• Work to be completed
Carry none of the pictures over; write out the complete data exactly.

• Data
§ §

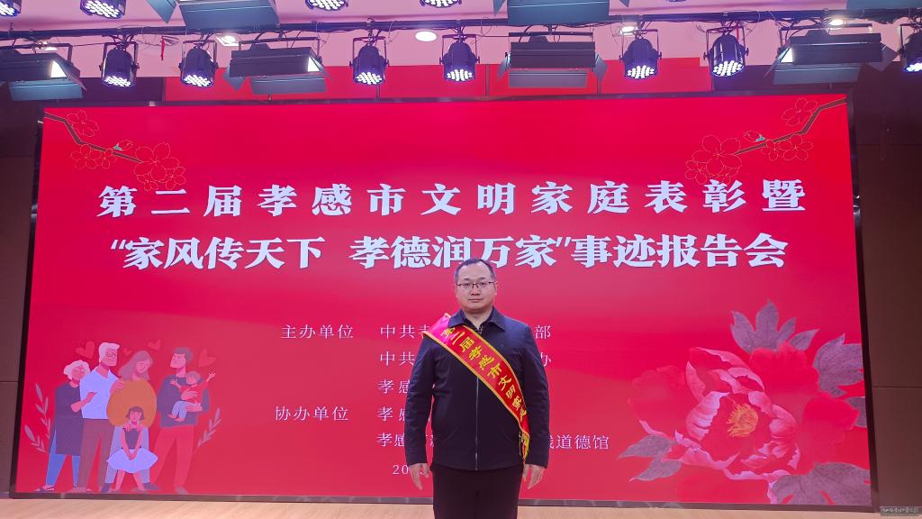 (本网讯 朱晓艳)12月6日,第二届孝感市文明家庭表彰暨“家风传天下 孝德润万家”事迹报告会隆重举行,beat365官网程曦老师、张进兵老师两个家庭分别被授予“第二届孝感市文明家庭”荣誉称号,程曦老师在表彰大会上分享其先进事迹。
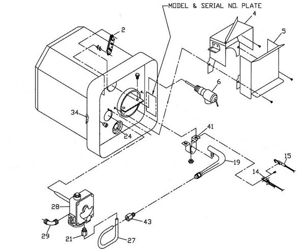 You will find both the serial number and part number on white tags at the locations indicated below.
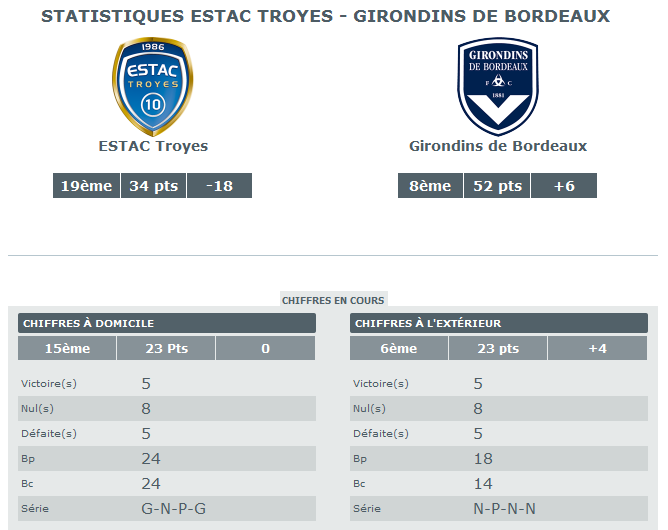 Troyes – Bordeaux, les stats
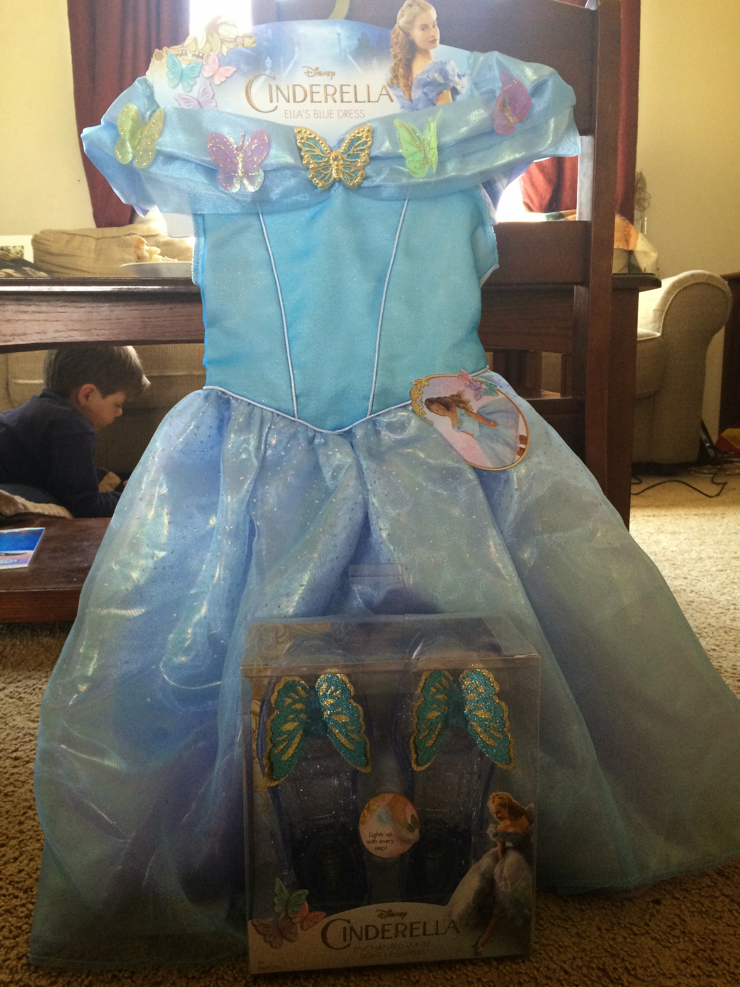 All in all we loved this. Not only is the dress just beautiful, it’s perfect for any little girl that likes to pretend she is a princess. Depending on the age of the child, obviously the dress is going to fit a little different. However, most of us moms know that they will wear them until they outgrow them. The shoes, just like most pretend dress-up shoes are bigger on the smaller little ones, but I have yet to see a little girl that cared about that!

§ §

• Output for this task
 (本网讯 朱晓艳)12月6日,第二届孝感市文明家庭表彰暨“家风传天下 孝德润万家”事迹报告会隆重举行,beat365官网程曦老师、张进兵老师两个家庭分别被授予“第二届孝感市文明家庭”荣誉称号,程曦老师在表彰大会上分享其先进事迹。
 You will find both the serial number and part number on white tags at the locations indicated below.
 Troyes – Bordeaux, les stats
 All in all we loved this. Not only is the dress just beautiful, it’s perfect for any little girl that likes to pretend she is a princess. Depending on the age of the child, obviously the dress is going to fit a little different. However, most of us moms know that they will wear them until they outgrow them. The shoes, just like most pretend dress-up shoes are bigger on the smaller little ones, but I have yet to see a little girl that cared about that!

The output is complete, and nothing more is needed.